Meu coração já não tem batido da mesma forma. Os dias passam e perpetuo a minha não existência à necessidade de existir e de não existir. De ser e de não ser.
Tenho pensado mais em desistir, em desaparecer.
Dói-me a ideia de desaparecer da presença daqueles olhos. Assim como me dói a ideia de permanecer, sentindo-me mal, existindo e mal existindo.
A cada dia, o valor de minha existência se comprova. Como parte inerente de um sistema de troca, de compra, de valoração, rentabilidade, marketing, vendas, minha existência ainda que como um produto, não se comprova. Minha existência, minha solidão, minha ansiedade. Ansiosa para existir e para deixar de existir. Ansiosa para falar e para deixar de falar. Ansiosa para vê-lo e deixar de vê-lo.

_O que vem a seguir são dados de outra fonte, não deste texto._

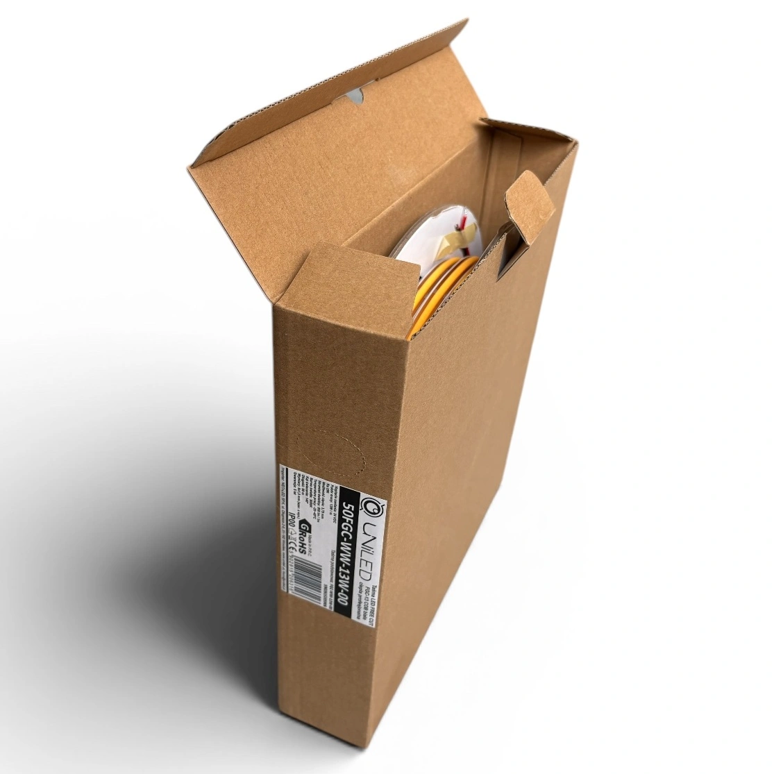Taśma została wykonana w technologii COB (Chip On Board), co oznacza gęste rozmieszczenie diod LED na całej długości. Dzięki temu uzyskujemy efekt jednolitej, ciągłej linii światła bez widocznych punktów świetlnych – nawet bez zastosowania klosza mlecznego.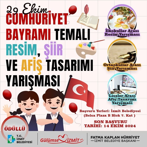 İzmit Belediyesi Kadın ve Aile Hizmetleri Müdürlüğü, 29 Ekim Cumhuriyet Bayramı kapsamında ilkokul, ortaokul ve lise öğrencilerine yönelik ödüllü yarışmalar düzenliyor. Yarışmalar, genç nesillerin Cumhuriyet'in değerlerine olan bağlılıklarını pekiştirmek ve sanatsal yeteneklerini sergilemeleri için önemli bir fırsat sunuyor.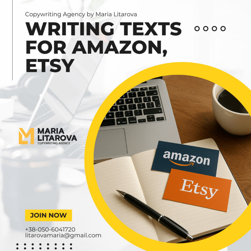 Вартість написання текстів для Amazon та Etsy залежить від типу контенту та обсягу роботи.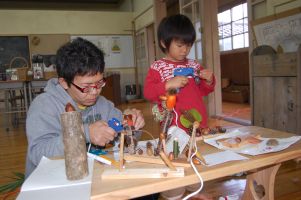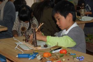 散策で集めた素材と、森の学舎に用意してある工作素材を使って、参加者オリジナルの作品を作っていきます。参加した子供たちにとって一番楽しんだ時間だったようです。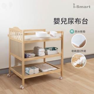 i-Smart 皇家嬰兒實木尿布台+收納盒六件組(超值2件組|附防水軟墊|寶寶護理台|置物架|收納架)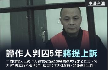 (中國)中國維權人士譚作人被裁定煽動顛覆國家政權罪名成立,判囚5年。譚妻和代表律師說,將會提出上訴。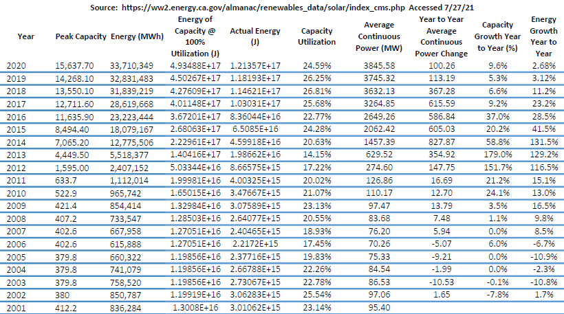 I detailed the capacity utilization of solar energy, as reported by the California Energy Commission - capacity utilization is the actual energy produced as compared to the theoretical peak capacity if a generation system (any generation system) functioned at full peak capacity for a given period of time as a percentage - in another post on this site: The Growth of Solar Capacity In California, Capacity Utilization, and Solar Energy Production.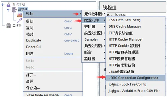 右键线程组->添加->配置元件->JDBC Connection Configuration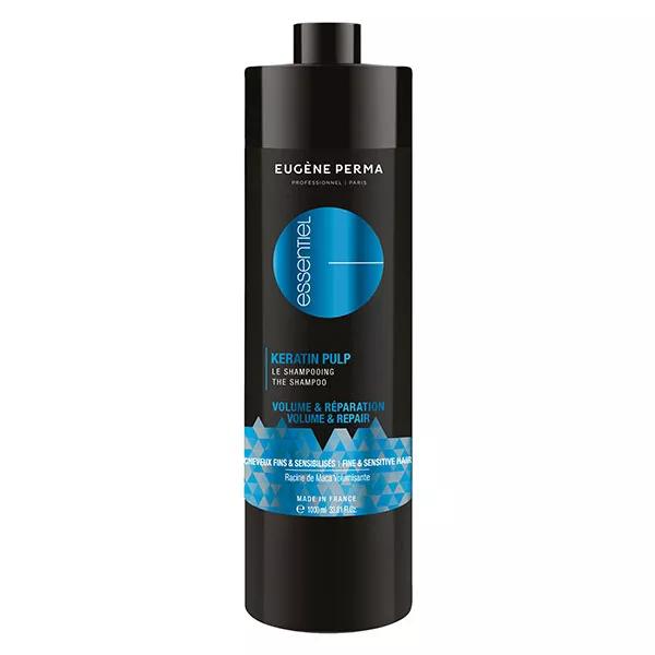 Le Shampooing Keratin Pulp ESSENTIEL d'EUGENE PERMA repulpe les cheveux fins. Il lave en douceur et laisse la fibre parfaitement propre et légère. Il répare le cheveu tout en lui apportant du volume.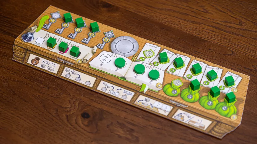 Når du har udbygget en handelsvej mellem to byer kan du vælge at åbne et handelskontor i en af byerne eller i stedet opgradere dit personlige spillebræt, hvilket kan give dig flere handlinger eller point.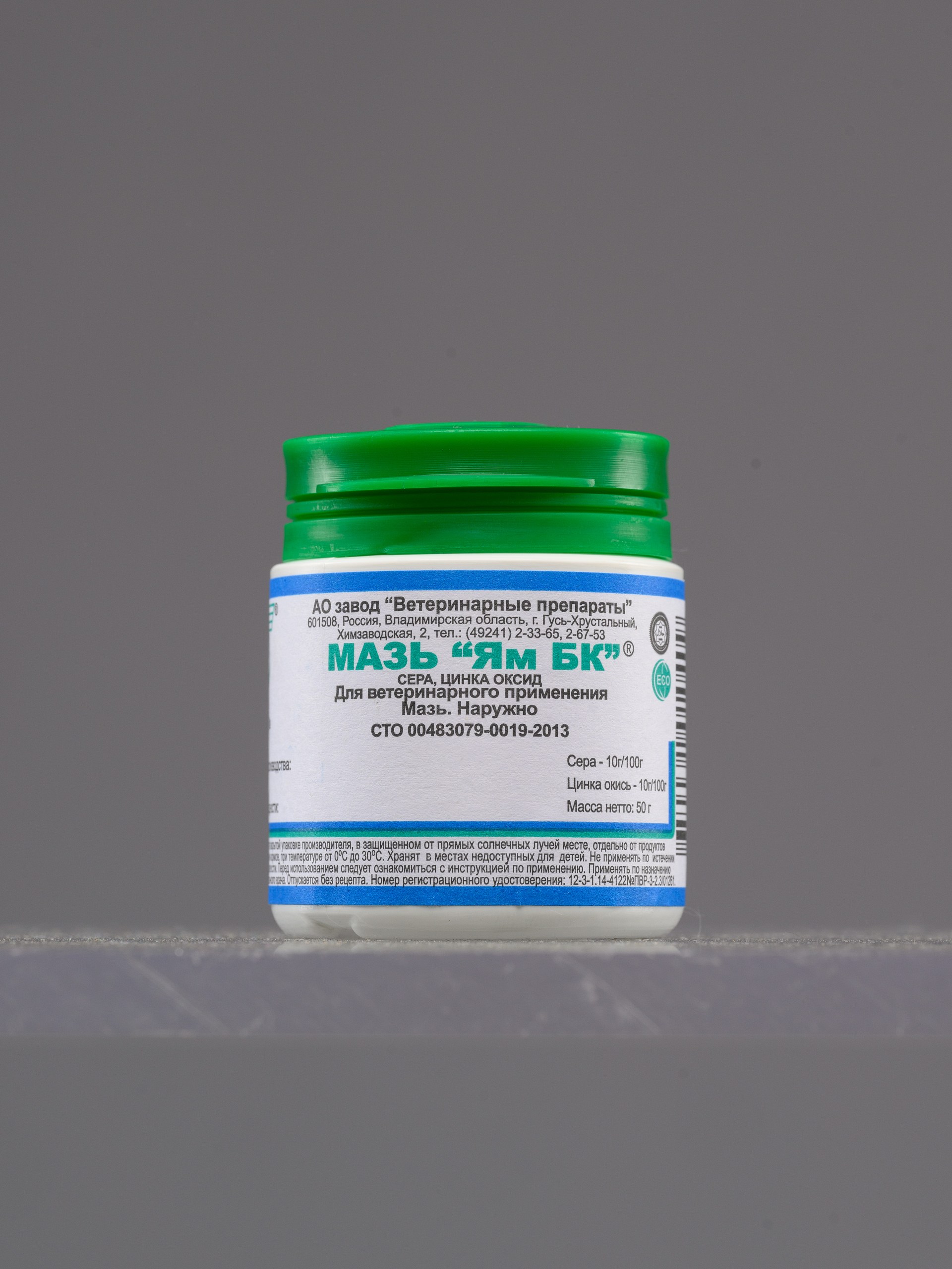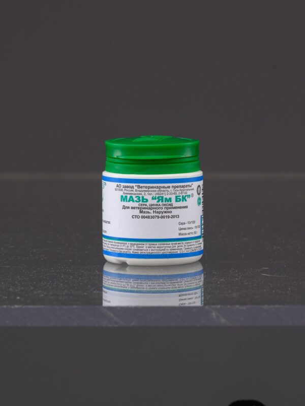 — используется для лечения животных при экземе, дерматитах, трихофитии и других заболеваниях кожи. Входящие в состав мази компоненты обладают акарицидной и фунгицидной активностью, антацидным, антисептическим, кератолитическим, вяжущим свойствами.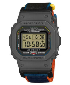 The straps are what make this upcoming series so unique. Instead of the usual resin band, the DW-5600MNC models feature a cloth-style cross band. The fabric looks to be layered, with visible texture and contrasting inner linings. In one light grey variant (DW-5600MNC-7A8), the strap shows a bright yellow inner accent peeking through the top and bottom edges. The black version (DW-5600MNC-1) has a more understated look with a matching dark fabric band. Another model, DW-5600MNC-BA2, uses a dark case with a multicolor strap, with blue and orange accents along the sides. While detailed material information is not confirmed, the bands look to be thicker than standard nylon straps.

Entre o pertencer e o não pertencer, mal sei a qual escolha devo me firmar. Tudo permanece tão doloroso e passivo em mim. A solidão me devora. A coragem me enrubesce.
Sentir essa não existência, vinda dele, me faz querer não mais existir. Se não existo. Não deveria existir. Nem pensar em concretude de coisas tão reais. Deveria unir minha consciência ao cosmo, deixar meu corpo flutuar sem rumo assim como essas palavras jogadas linha após linha em uma tela em branco.